# Opera - a(nother) resizing question



## robspop (Nov 7, 2011)

I have installed the latest Opera package and mostly like it a lot and will probably switch to it from FF. The only thing I do not like much is that it fills the whole desktop and refuses to be resized (by dragging one edge of the window). I have seen a number of posts in these forums and in the wider world about a resizing issue with newer versions of Opera, but they mostly seem concerned with resizing images within Opera rather than resizing the whole browser window. I'm sure this must be possible: does anyone know how? If I need an extension, which one?


----------



## roddierod (Nov 7, 2011)

I've been using Opera a long time and have never heard of this issue. What window manager/desktop environment is this? Quickly the only thing I can think of is make sure that the window is not maximized when you try to resize.


----------



## drhowarddrfine (Nov 7, 2011)

I've never heard of this either. Are you sure you aren't already fully resized? Did you click on the resize button in the top corner?


----------



## Carpetsmoker (Nov 7, 2011)

_Another long-time Opera user who never had this problem chiming in._

I suspect it's due to some odd behavior in your Window manager. Which WM do you use?


----------



## robspop (Nov 12, 2011)

> I suspect it's due to some odd behavior in your Window manager.

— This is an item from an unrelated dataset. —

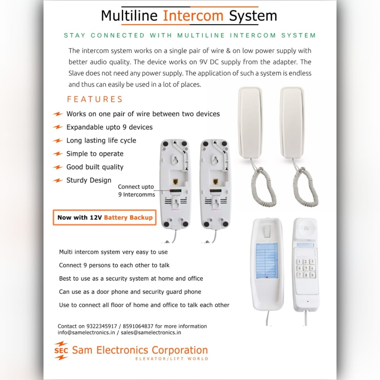 SAM Electronics Corporation is a trusted multiline intercom system manufacturer in Mumbai, delivering reliable and advanced communication solutions for commercial, industrial, and residential applications. Our multiline intercom systems are designed to ensure clear voice communication, seamless connectivity, and efficient internal coordination across multiple departments and floors. Manufactured using high-quality components and modern technology, our systems offer durability, easy installation, and user-friendly operation. We focus on customized solutions to meet specific client requirements, ensuring enhanced safety and productivity. With a commitment to quality, innovation, and customer satisfaction, SAM Electronics Corporation stands as a dependable name in Mumbai’s communication systems industry.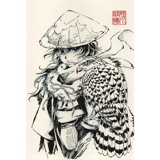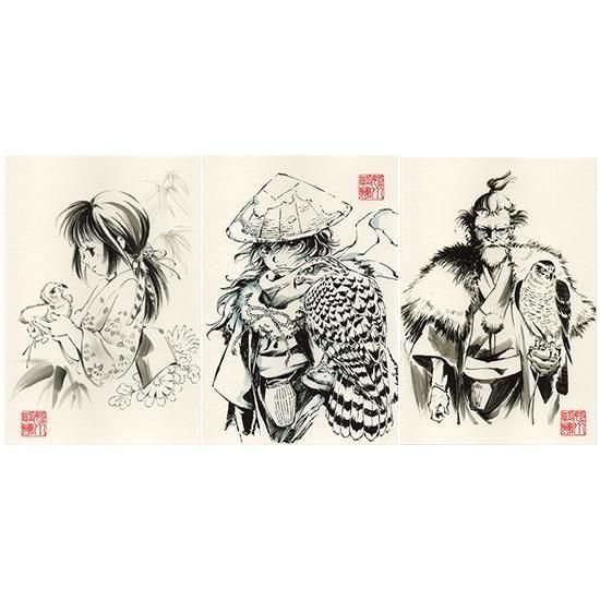 〈鷹娘〉シリーズより「小さきもの」「娘鷹匠」「老鷹師」の3枚が1つのセットになりました。

Thanks, I am sure you were right, because I seem to have solved the problem by switching wm. It was not resizing as I had already tried that (resizing to maximum made it fill the entire screen including the always-on-top menu bar, resizing back to normal made it fill the entire screen excluding the menu bar, but it could not be manually resized in either state). I was using Enlightenment when I experienced the problem. Switching to fvwm solved the problem and I have not been able to reproduce it as it now works in Enlightenment too.


----------